This is the first full day without my wife and child. They're on vacation. I've been up since six and have had three pots of coffee and countless cigarettes. I've watched two documentaries and finished a book. As I stated yesterday, it is my goal to stay as active as possible in an effort to stave off any worsening of my depression. Here it is all of 10:00 and I'm out of ideas. It's too hot to work in the yard and I surely have no plans to leave the house. Perhaps leaving the house should be my new goal. Maybe make a trip to a bookstore or music store or hell, get a haircut. I most certainly must take my teaching clothes to the dry cleaner's as school is a week away. My wife thinks I should try them on the ensure that they still fit. I don't think it matters much. I've not worked in a year and I have no intentions of spending any money on myself even if it is in preparation to return to work.
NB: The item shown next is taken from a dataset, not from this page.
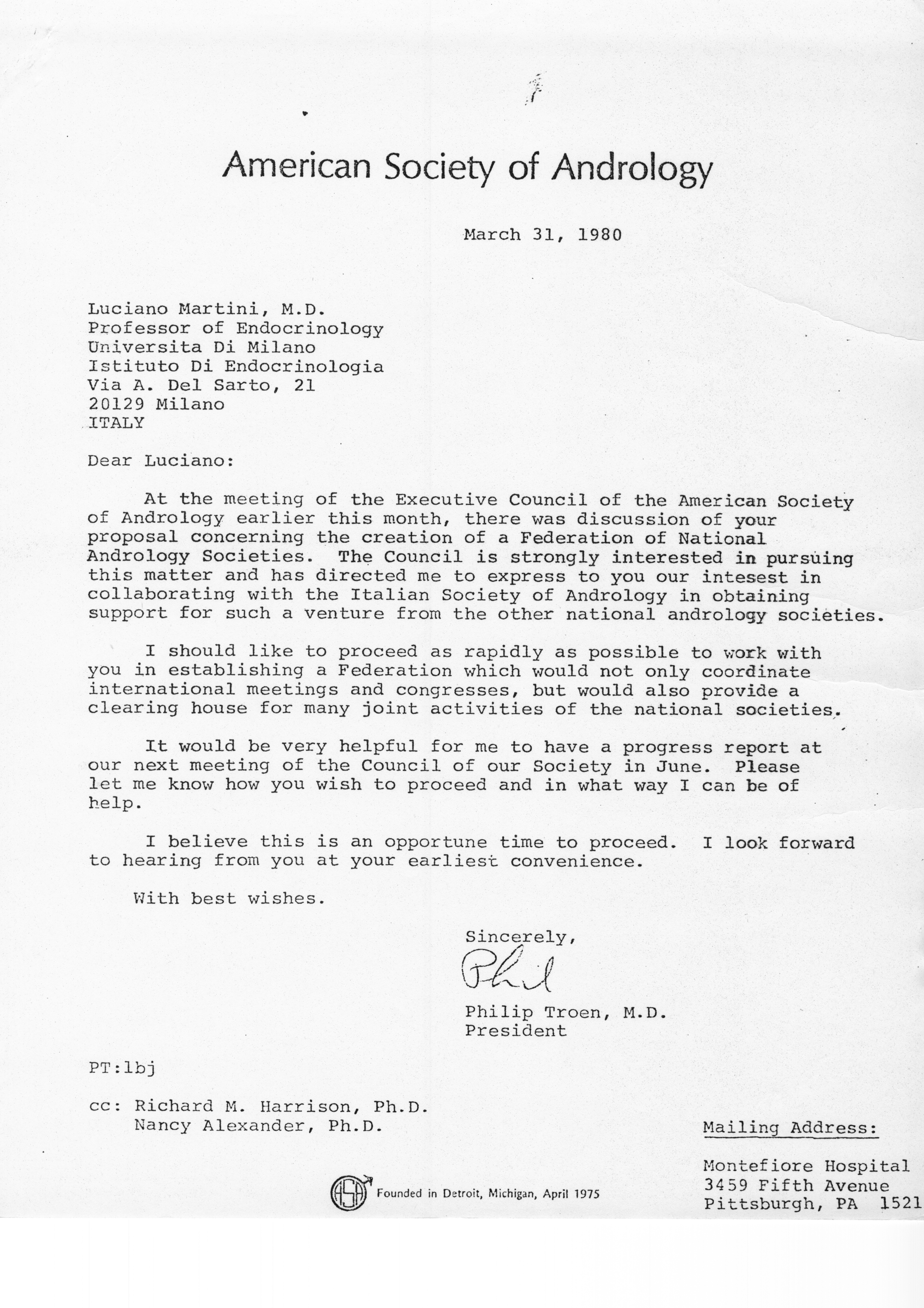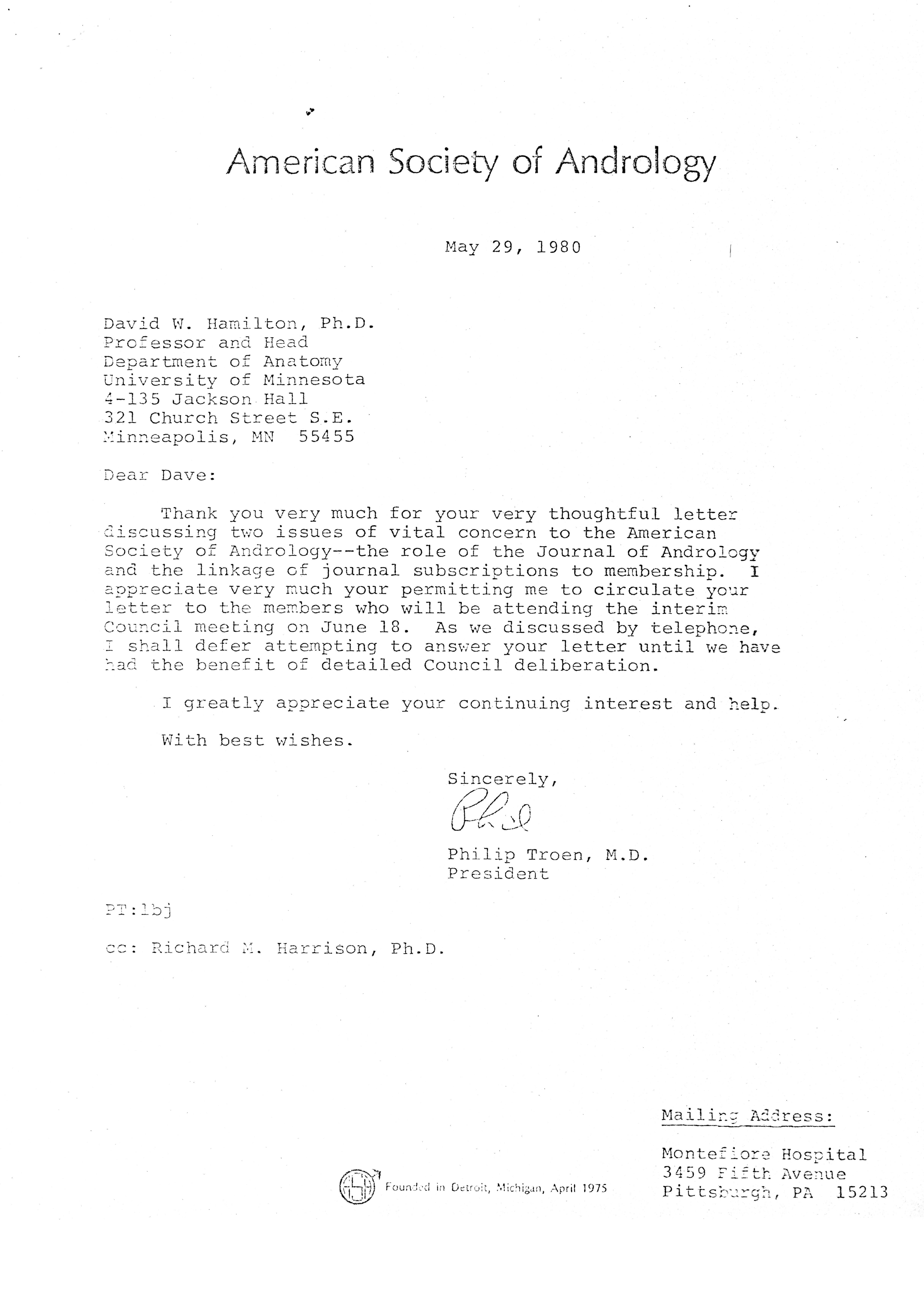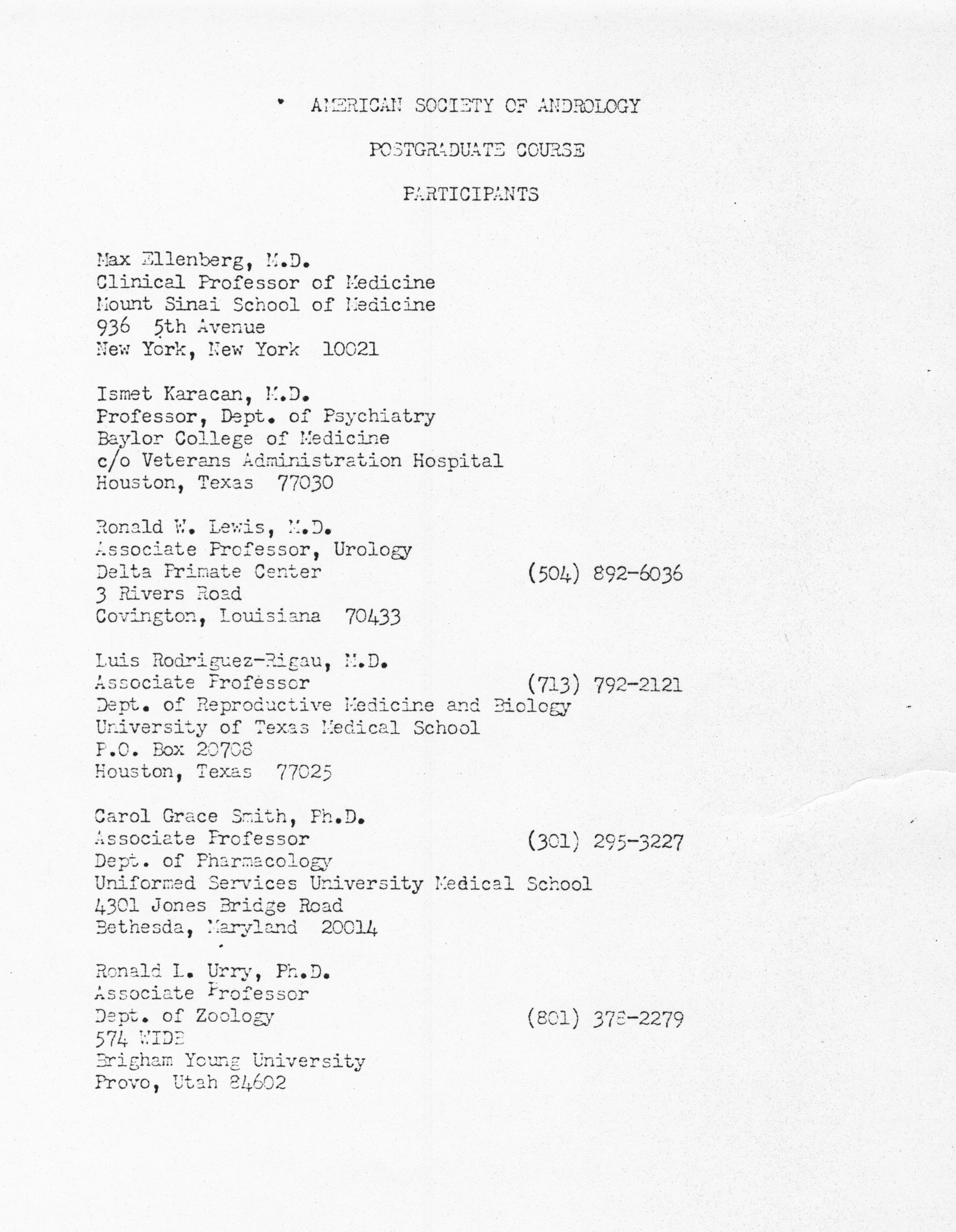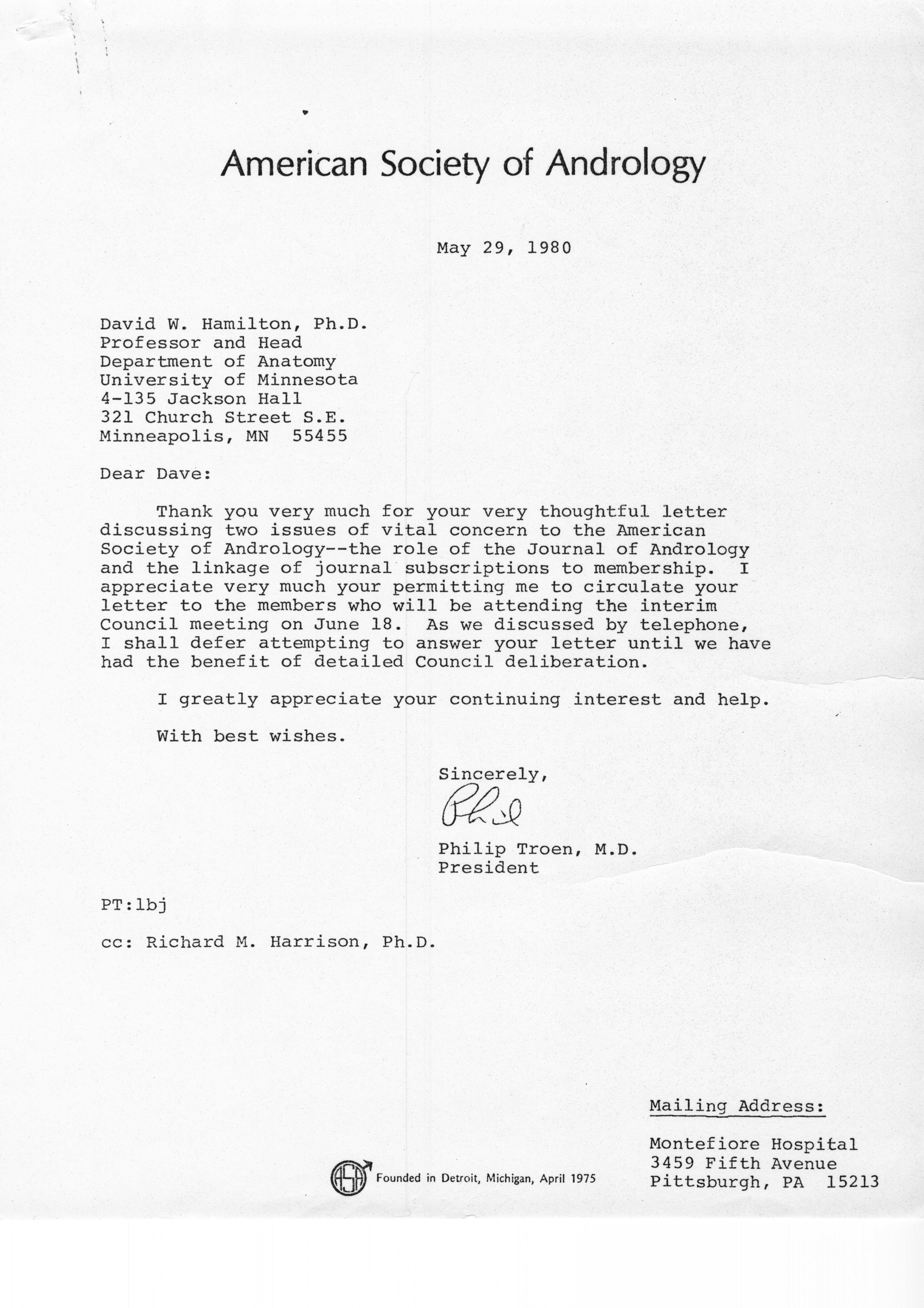 - "Executive Council Meetings of the American Society of Andrology, 1980", American Society of Andrology Collection, Iowa State University Library Digital Collections

Ho Hum...what to do, dear reader, what to do.

Saturday, July 30, 2011

This Bird Has Flown

My wife and son left for the beach today. They'll be gone a week. Most years I would view this as an exciting opportunity to sleep as much as I want, eat what I want, etc: However, this most certainly isn't most years. This has been the longest of years. My wife and child have kept me as grounded as they possibly could. Now I find myself alone with my thoughts. If I'm not careful I will quickly drown in a pool of my own misery. Over the next week it will be of vital importance that I stay as active as possible, stay on the move both physically and mentally. It doesn't help that I am now officially just one short week away from my return to work. I truly have no idea how I'm going to pull off teaching. I fear it will be a year of simply reading stories and making worksheets. Such is not the stuff of real teaching. Worksheets are meant for substitutes, not legitimate teachers. Who knows, perhaps I'm no longer a legitimate teacher. We will see, dear reader, we will see.

Friday, July 29, 2011

Ho Hum

Depression = Boredom and Boredom = Depression
To wit - when you're in the throws of a depressive episode the desire or will to leave the house is extremely low. Very soon thereafter, when you're not being consumed by your depression, you become extremely bored. Still, this does not mean you have any desire to leave the house. Your boredom fuels your depression as it reminds you of how much you've lost. Such as the will to engage the world. Simple things like trips to a store or a haircut or a nice dinner at a favorite restaurant are long, long removed from you. So your boredom fuels your depression and your depression, because it leaves you all but home bound, fuels your boredom. It is a vicious, vicious circle. Such, dear reader, is yet another aspect of this delightful illness.

Thursday, July 28, 2011

Who Knew?

Not having the greatest of days. I feel asleep at 10:00 and slept through an appointment. Who knew that something like sleeping could be so depressing? I try to stay awake during the day but sometimes I simply drift away. Without exception I always awake to find that I'm more depressed then I was before I feel asleep. The doctors have described this as slugish brain. Charming isn't it? A slugish brain, a brain that will not fully recover, fully awaken after sleep. Couple this with a lack of night time sleep and a mouthful of depressants and I am truly slug-like. Dearest Depression...I hate you. Sincerely me.

The Ups and Downs

On the back of six of hours of sleep yesterday was a fairly decent one. I had the energy to do some cleaning. I didn't nap. I even picked up the guitar and finished a book. I was hoping that the increases in my meds were working. It was an up day.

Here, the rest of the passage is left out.